#### Task to carry out:
An exact reproduction of the listing, minus the pictures, is the required output.

#### Stored data:
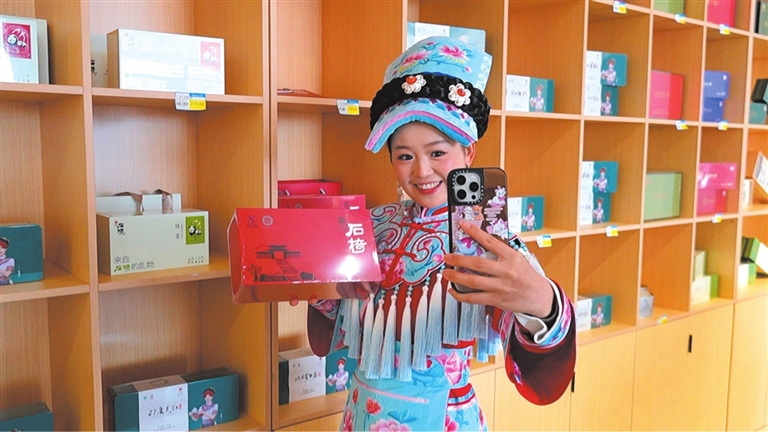 随后,陈新一穿过白绒花缀满枝头的枇杷林,来到村里的农文旅交流中心销售大厅,打开手机支架,进入直播间。“大家好,我是尔玛新一,今天带大家看看我们石椅村的年味——刚熏好的腊肉,还有高山苔子茶……”她的声音清脆而有力量,屏幕另一端的观众纷纷留言点赞。这场直播不仅是为了卖货,更是为了把家乡的味道和文化传播到更远的地方。
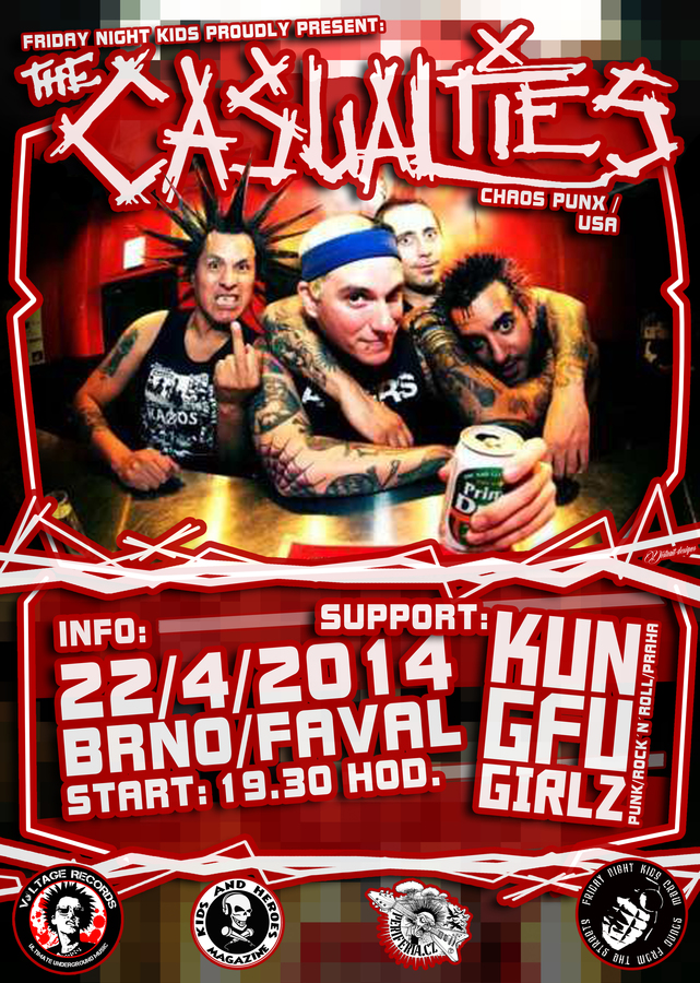 Předprodej: 260, - VOLTAGE: přes e-mail: info@voltage-shop.com (do poznámky piště: "Casualties v Brne") + poštovné
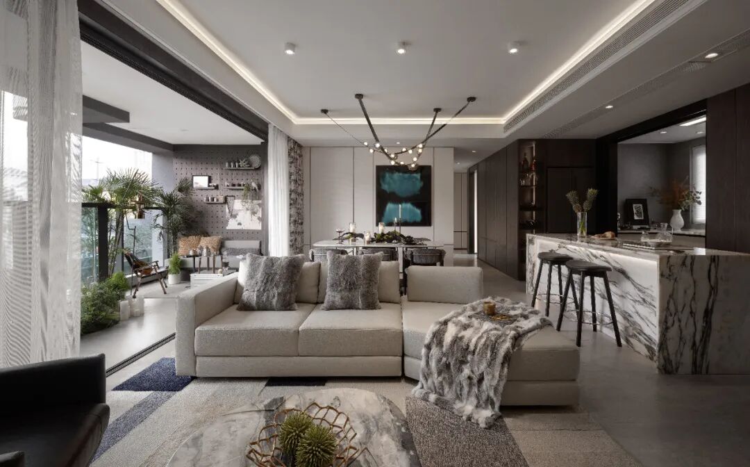 客餐厨空间设计,布局开放,洄游动线更符合业主对功能化和社交互动的双重需求,避免由隔断产生的空间逼仄感。通过开放式的空间设计,重新编排生活功能,提高家人间的互动性。
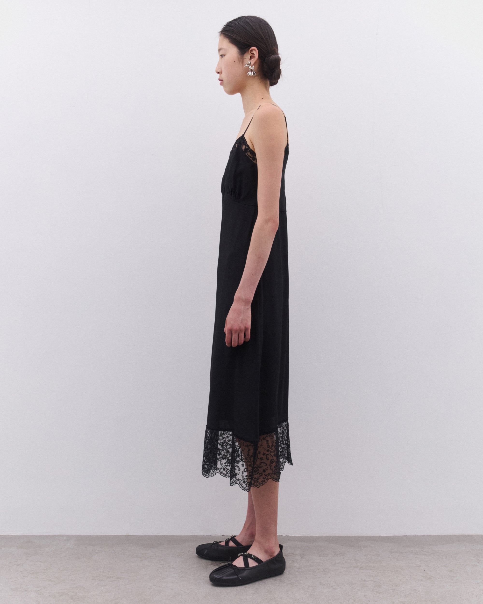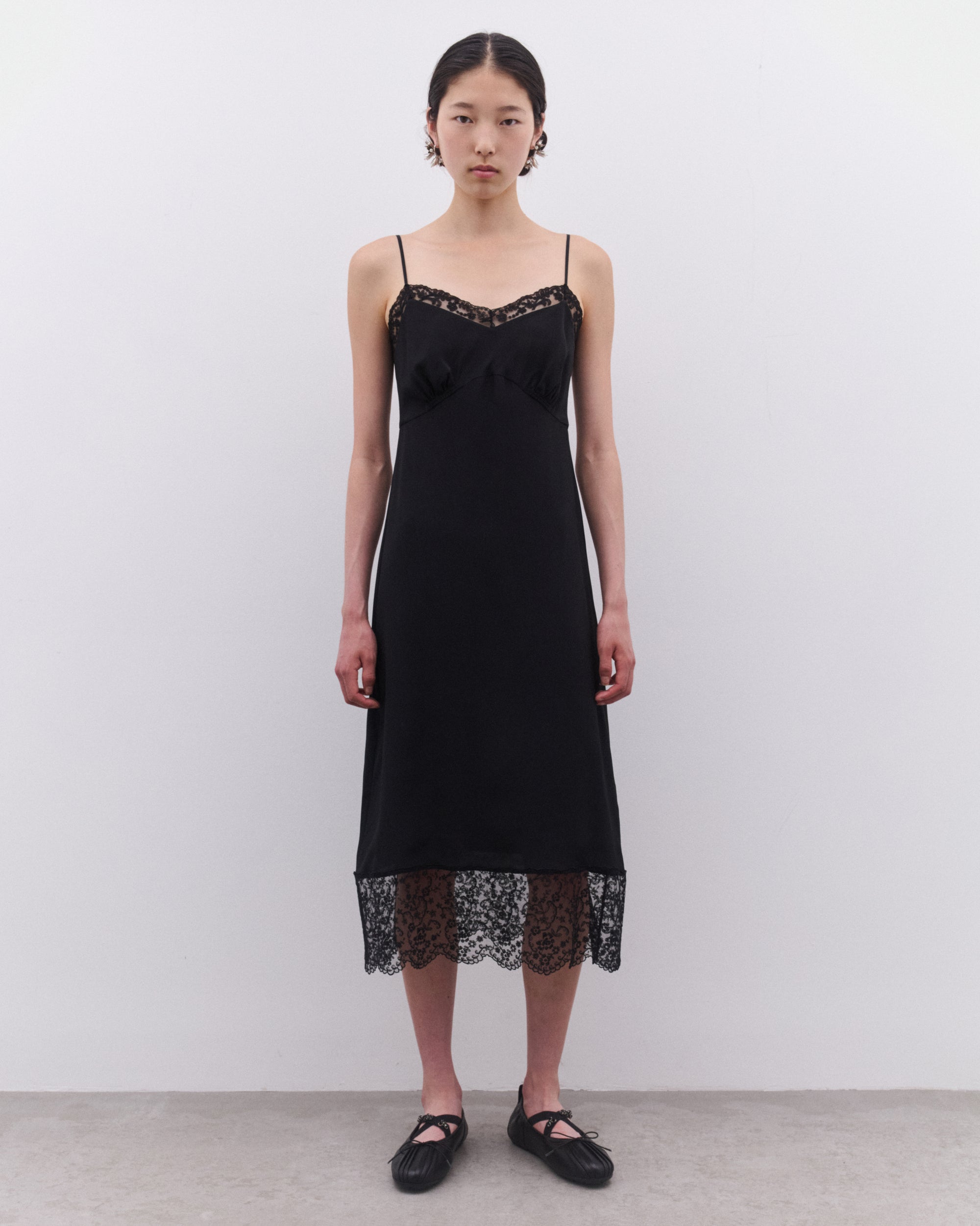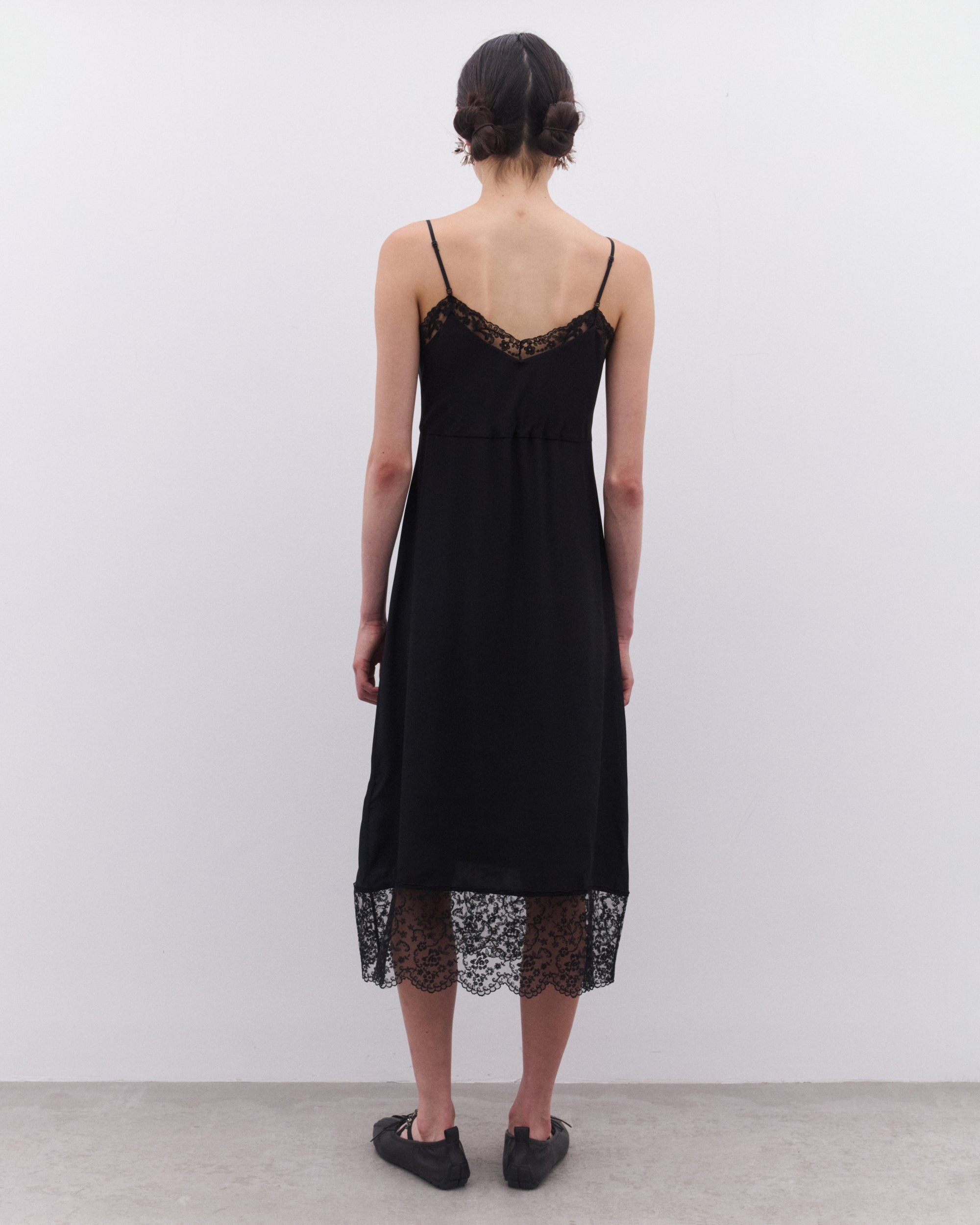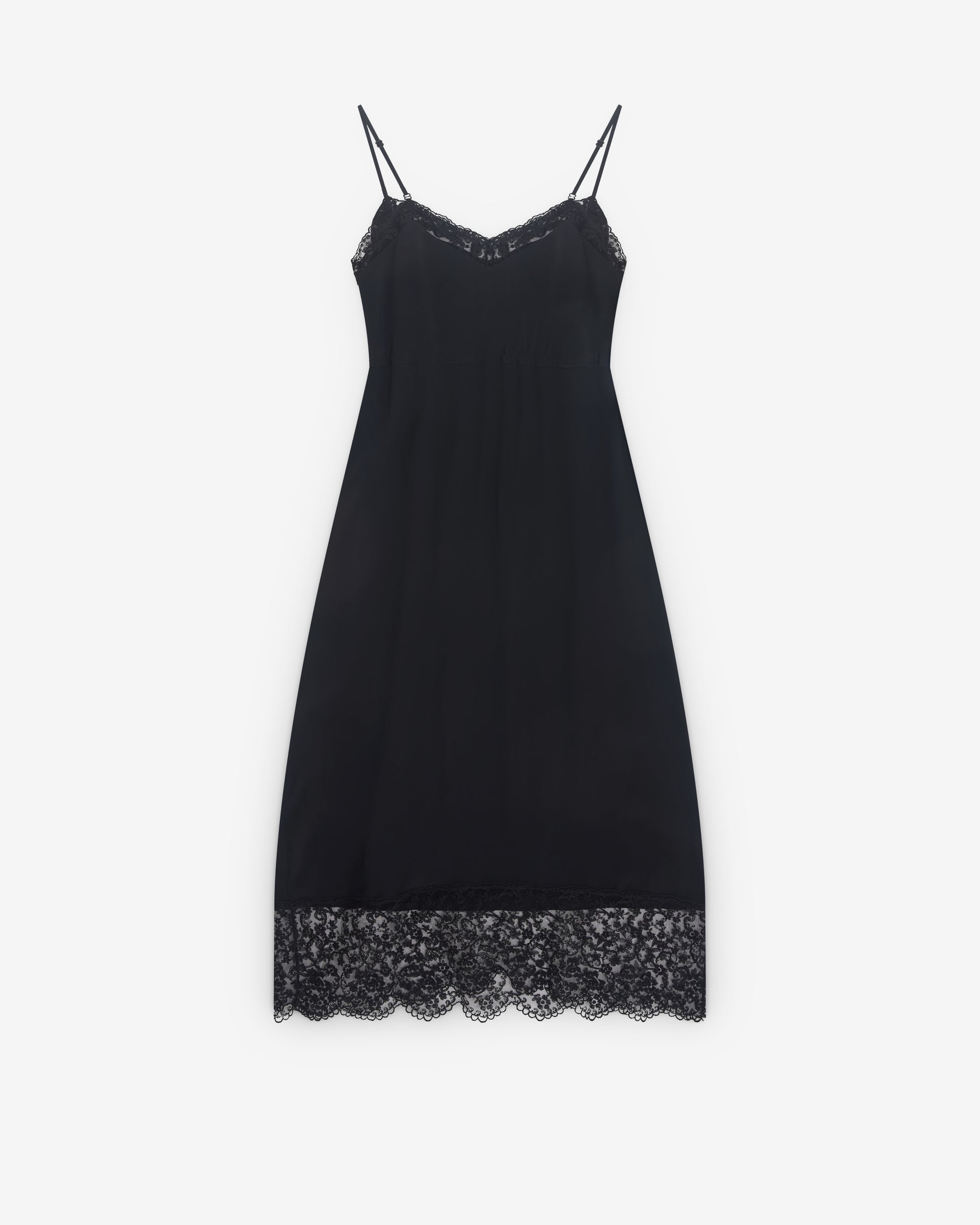 Slim strapsLace trim at neckline and hemEmpire waistline with gathering at bustA-line silhouetteMid-length

#### Task result:
 随后,陈新一穿过白绒花缀满枝头的枇杷林,来到村里的农文旅交流中心销售大厅,打开手机支架,进入直播间。“大家好,我是尔玛新一,今天带大家看看我们石椅村的年味——刚熏好的腊肉,还有高山苔子茶……”她的声音清脆而有力量,屏幕另一端的观众纷纷留言点赞。这场直播不仅是为了卖货,更是为了把家乡的味道和文化传播到更远的地方。
 Předprodej: 260, - VOLTAGE: přes e-mail: info@voltage-shop.com (do poznámky piště: "Casualties v Brne") + poštovné
 客餐厨空间设计,布局开放,洄游动线更符合业主对功能化和社交互动的双重需求,避免由隔断产生的空间逼仄感。通过开放式的空间设计,重新编排生活功能,提高家人间的互动性。
 Slim strapsLace trim at neckline and hemEmpire waistline with gathering at bustA-line silhouetteMid-length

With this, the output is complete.